Sunday, 9 October 2016

All At Sea in the Met's Tristan und Isolde

It is, as shown by all of social media, staggeringly easy to be cynical. As I sat in a West Country multiplex yesterday, though, I felt the snark lift from my eyes and, for a few minutes, basked in the pure technical wonder of the Metropolitan Opera’s Live in HD screening. That I am able to pop along to my local(ish) cinema and watch a 5 hour Wagner opera live and as it happens is a marvellous, nay, miraculous thing.

Staying with the wondrous, the Met sent us a performance of Tristan und Isolde that will, when broadcast on the radio, surely be one for the ages. Nina Stemme gave a wild eyed and driven Isolde that never dipped in pure emotional and vocal projection. Stuart Skelton’s Tristan was hugely persuasive too, though a little caught in the shadow of Stemme’s brilliance. The other parts (and there really aren’t that many) were universally winning, particularly Rene Pape’s authoritative King Marke. The real man of the hour(s and hours) was Sir Simon Rattle, who has talked about the lucidity he discovered in the myriad of markings written in Mahler’s personal score of the opera. That special knowledge allowed heft and transparency into the music, but the sense of flow was all Rattle’s own – note the great aborted climax which rips the lovers from each other’s gaze as Marke discovers their treachery, half way through Act 2.

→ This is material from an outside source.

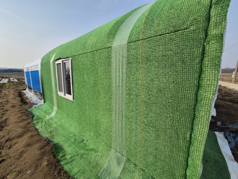 농막쪽에는 비닐+압축솜+비닐+차광막의 순서로
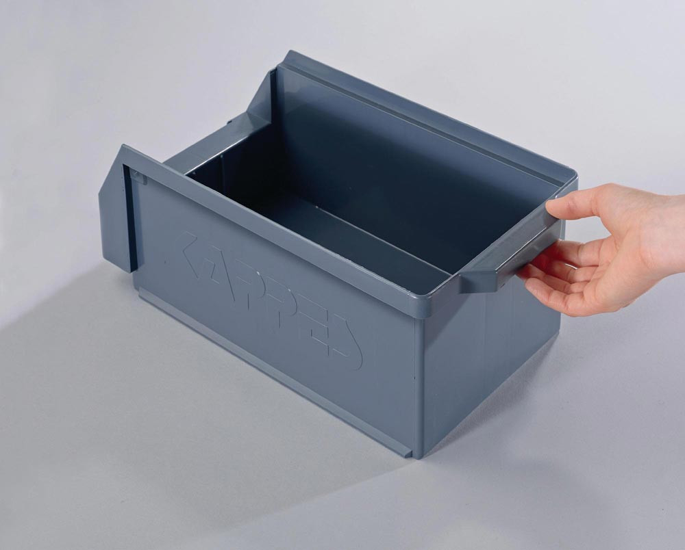 aus schlag- und stoßfestem Polyethylen · temperaturbeständig von - 40 °C bis + 80 °C · Rippenverstärkung an den Bodenrändern · geeignet für Förder - und Röllchenbahnen · beständig gegen Säuren, Öle und Laugen · lebensmittecht · einfaches waagerechtes An- und Abhängen des Kastens auch im befüllten Zustand · Lieferung erfolgt ohne Etiketten

But oh, the rest. Tristan begins at sea, which allows for director Mariusz Trelinski’s modern naval setting. Longing, searching, navigating, whatever, is represented from the off by the circular sweep of a radar beam, which also looks like the safety curtain buffering while the set loads. Within the circle, the thrusting prow of a ship pounds the waves like a particularly wet nautical dream. Water and flame are motifs throughout, glimpsed first in flashbacks cut like an amateur homage to Andrei Tarkovsky, for whom they were recurrent and pleasingly baffling symbols. And a great churning projection of the sea reappears whenever things get, you know, a bit choppy. Trelinski seems really uninterested in representing or heightening the emotional state of the characters, setting Act 2 in a massive dingy cargo bay, with Tristan and Isolde bumping into what look like toxic compost bins as they paw at each other. And by Act 3, the visual ideas have dried up almost completely, save for a lighter-wielding 10-year old (some sort of health and safety violation, surely) and a brief episode in a ruined house.

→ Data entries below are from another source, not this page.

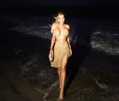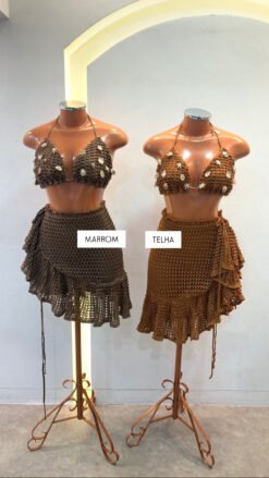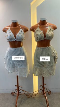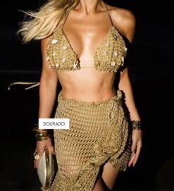Produzido em Tricot de Fios de Seda, com toque macio e caimento perfeito, o top traz um bojo estruturado com aplicações naturais de conchas, inspirado nos elementos do mar e no estilo boho-glam das praias de Ibiza. Já a saia com babado e amarração lateral completa o visual com movimento e feminilidade.
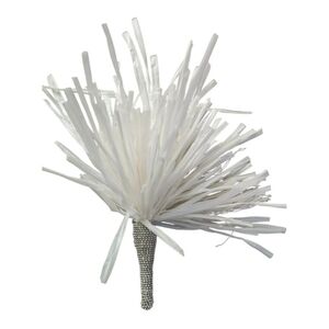This product is a women's brooch in the shape of an aster flower, designed with voluminous white ribbons that shimmer. The elegant and delicate design makes it a stylish accessory for any outfit. Perfect for adding a touch of femininity and sophistication to any wardrobe, this brooch is a versatile piece that can be worn on various occasions.
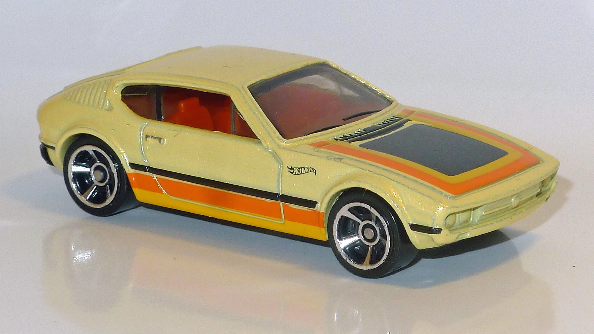 Metallic Pale Yellow | Orange, Yellow and Black Stripes on Sides and Hood | Black / Plastic |

And so while the orchestra of the Metropolitan Opera and Sir Simon and a stellar cast carved out a flowing, yearning, exhausting Tristan, the staging returned me to cynicism. Some of what I saw I liked – the big black sun that hovers above the lovers is a really creepy and magnetic image – but if the cinema-inspired Trelisnki is drawing on the symbol-filled films of Andrei Tarkovsky, the images need to suggest an enticing but enigmatic logic in a way that they don’t here. Maybe it’s a production from which more would emerge with repeated viewing, but right now, I just want to hear it on the radio.

1 comment:

Unknown said...

I did hear it on radio and it was better on screen. Can't say I love Nina Stemme. Thought Stuart Skelton was nearly perfect. Actually wanted Isolde to take a bath and comb her. The creepy kid I the third act I could no without. Would see it again.